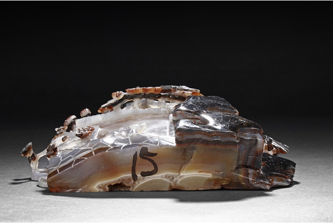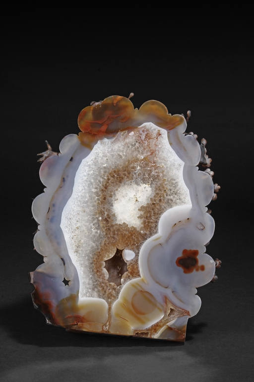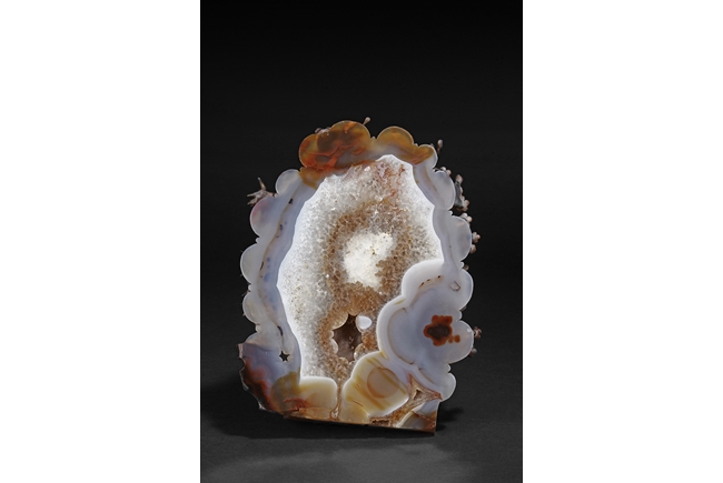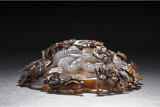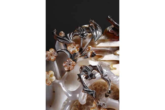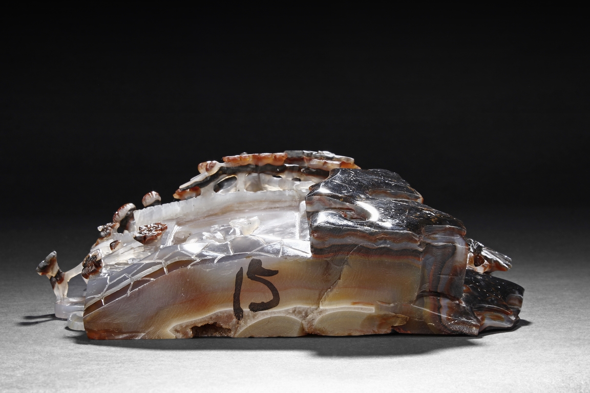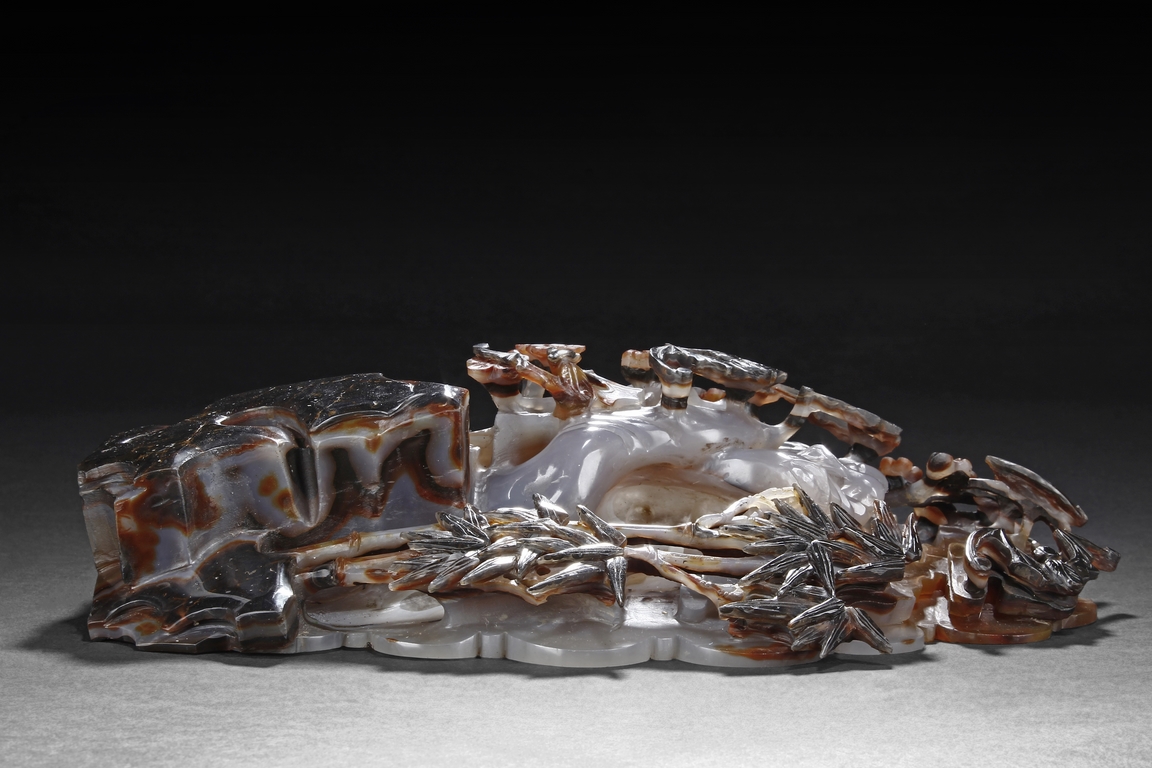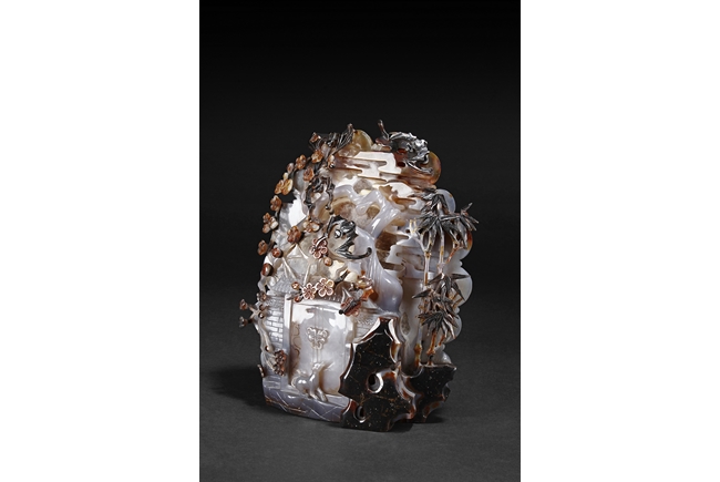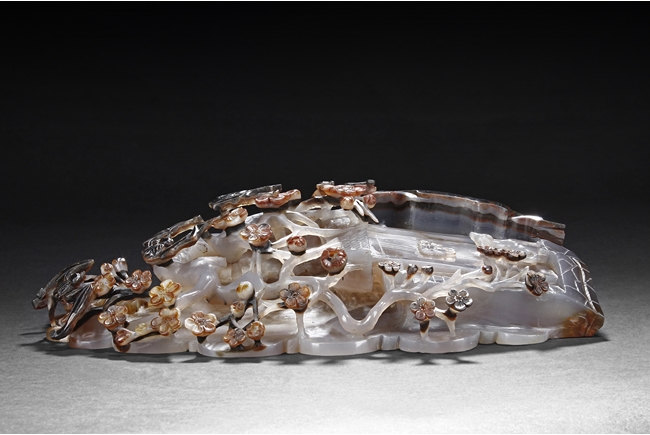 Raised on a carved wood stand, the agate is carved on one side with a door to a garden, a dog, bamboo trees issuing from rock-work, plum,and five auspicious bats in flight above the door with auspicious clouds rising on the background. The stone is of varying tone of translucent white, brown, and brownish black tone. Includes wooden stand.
::::
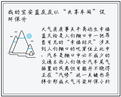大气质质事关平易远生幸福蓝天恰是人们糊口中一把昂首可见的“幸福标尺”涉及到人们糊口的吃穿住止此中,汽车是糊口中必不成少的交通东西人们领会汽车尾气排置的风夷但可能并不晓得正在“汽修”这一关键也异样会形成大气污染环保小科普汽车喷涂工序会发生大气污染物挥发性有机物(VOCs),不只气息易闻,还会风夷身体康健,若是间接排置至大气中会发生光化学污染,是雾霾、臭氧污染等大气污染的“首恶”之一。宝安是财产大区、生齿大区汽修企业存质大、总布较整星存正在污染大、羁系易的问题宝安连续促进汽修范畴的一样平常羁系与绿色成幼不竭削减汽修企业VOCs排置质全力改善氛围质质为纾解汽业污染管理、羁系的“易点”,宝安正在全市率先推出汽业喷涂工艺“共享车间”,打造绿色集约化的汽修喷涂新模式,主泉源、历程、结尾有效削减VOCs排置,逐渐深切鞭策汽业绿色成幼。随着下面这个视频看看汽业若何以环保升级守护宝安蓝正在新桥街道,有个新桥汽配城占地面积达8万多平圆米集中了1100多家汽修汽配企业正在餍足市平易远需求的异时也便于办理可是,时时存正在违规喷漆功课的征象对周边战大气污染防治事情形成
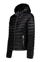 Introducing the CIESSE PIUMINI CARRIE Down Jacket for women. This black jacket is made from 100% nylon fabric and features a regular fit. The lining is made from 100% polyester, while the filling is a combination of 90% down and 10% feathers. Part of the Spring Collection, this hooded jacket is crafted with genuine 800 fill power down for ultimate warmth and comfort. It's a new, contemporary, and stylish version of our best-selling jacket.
::::
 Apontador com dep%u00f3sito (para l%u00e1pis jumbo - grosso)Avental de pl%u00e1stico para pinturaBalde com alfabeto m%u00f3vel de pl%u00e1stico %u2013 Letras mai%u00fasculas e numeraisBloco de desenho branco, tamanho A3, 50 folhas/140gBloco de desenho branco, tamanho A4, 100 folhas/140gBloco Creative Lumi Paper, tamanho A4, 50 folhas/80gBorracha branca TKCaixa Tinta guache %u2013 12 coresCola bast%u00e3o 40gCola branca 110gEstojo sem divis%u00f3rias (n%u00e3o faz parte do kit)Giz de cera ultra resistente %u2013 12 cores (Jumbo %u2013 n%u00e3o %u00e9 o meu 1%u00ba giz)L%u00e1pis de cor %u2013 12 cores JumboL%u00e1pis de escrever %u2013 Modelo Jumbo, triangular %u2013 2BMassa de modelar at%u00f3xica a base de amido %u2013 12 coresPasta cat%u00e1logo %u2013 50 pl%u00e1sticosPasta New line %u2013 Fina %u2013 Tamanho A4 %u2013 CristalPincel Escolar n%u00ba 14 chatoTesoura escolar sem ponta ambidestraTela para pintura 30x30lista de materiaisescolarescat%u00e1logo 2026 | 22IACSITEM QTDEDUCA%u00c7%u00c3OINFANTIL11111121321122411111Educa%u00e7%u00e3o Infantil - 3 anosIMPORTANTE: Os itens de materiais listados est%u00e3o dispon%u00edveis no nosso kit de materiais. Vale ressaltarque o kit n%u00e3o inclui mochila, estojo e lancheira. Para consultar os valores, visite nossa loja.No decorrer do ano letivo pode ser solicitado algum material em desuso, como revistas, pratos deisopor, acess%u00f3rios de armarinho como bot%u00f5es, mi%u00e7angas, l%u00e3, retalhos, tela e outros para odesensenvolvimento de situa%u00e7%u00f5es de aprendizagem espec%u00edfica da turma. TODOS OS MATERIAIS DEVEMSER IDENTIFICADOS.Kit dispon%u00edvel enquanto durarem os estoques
::::
## YOUR TASK
Starting at the line containing "大气质质事关平易远生幸福蓝天" and stopping at the line containing "Introducing the CIESSE", output each line exactly as it appears above. Leave out the pictures.

## TASK OUTPUT
大气质质事关平易远生幸福蓝天恰是人们糊口中一把昂首可见的“幸福标尺”涉及到人们糊口的吃穿住止此中,汽车是糊口中必不成少的交通东西人们领会汽车尾气排置的风夷但可能并不晓得正在“汽修”这一关键也异样会形成大气污染环保小科普汽车喷涂工序会发生大气污染物挥发性有机物(VOCs),不只气息易闻,还会风夷身体康健,若是间接排置至大气中会发生光化学污染,是雾霾、臭氧污染等大气污染的“首恶”之一。宝安是财产大区、生齿大区汽修企业存质大、总布较整星存正在污染大、羁系易的问题宝安连续促进汽修范畴的一样平常羁系与绿色成幼不竭削减汽修企业VOCs排置质全力改善氛围质质为纾解汽业污染管理、羁系的“易点”,宝安正在全市率先推出汽业喷涂工艺“共享车间”,打造绿色集约化的汽修喷涂新模式,主泉源、历程、结尾有效削减VOCs排置,逐渐深切鞭策汽业绿色成幼。随着下面这个视频看看汽业若何以环保升级守护宝安蓝正在新桥街道,有个新桥汽配城占地面积达8万多平圆米集中了1100多家汽修汽配企业正在餍足市平易远需求的异时也便于办理可是,时时存正在违规喷漆功课的征象对周边战大气污染防治事情形成
 Introducing the CIESSE PIUMINI CARRIE Down Jacket for women. This black jacket is made from 100% nylon fabric and features a regular fit. The lining is made from 100% polyester, while the filling is a combination of 90% down and 10% feathers. Part of the Spring Collection, this hooded jacket is crafted with genuine 800 fill power down for ultimate warmth and comfort. It's a new, contemporary, and stylish version of our best-selling jacket.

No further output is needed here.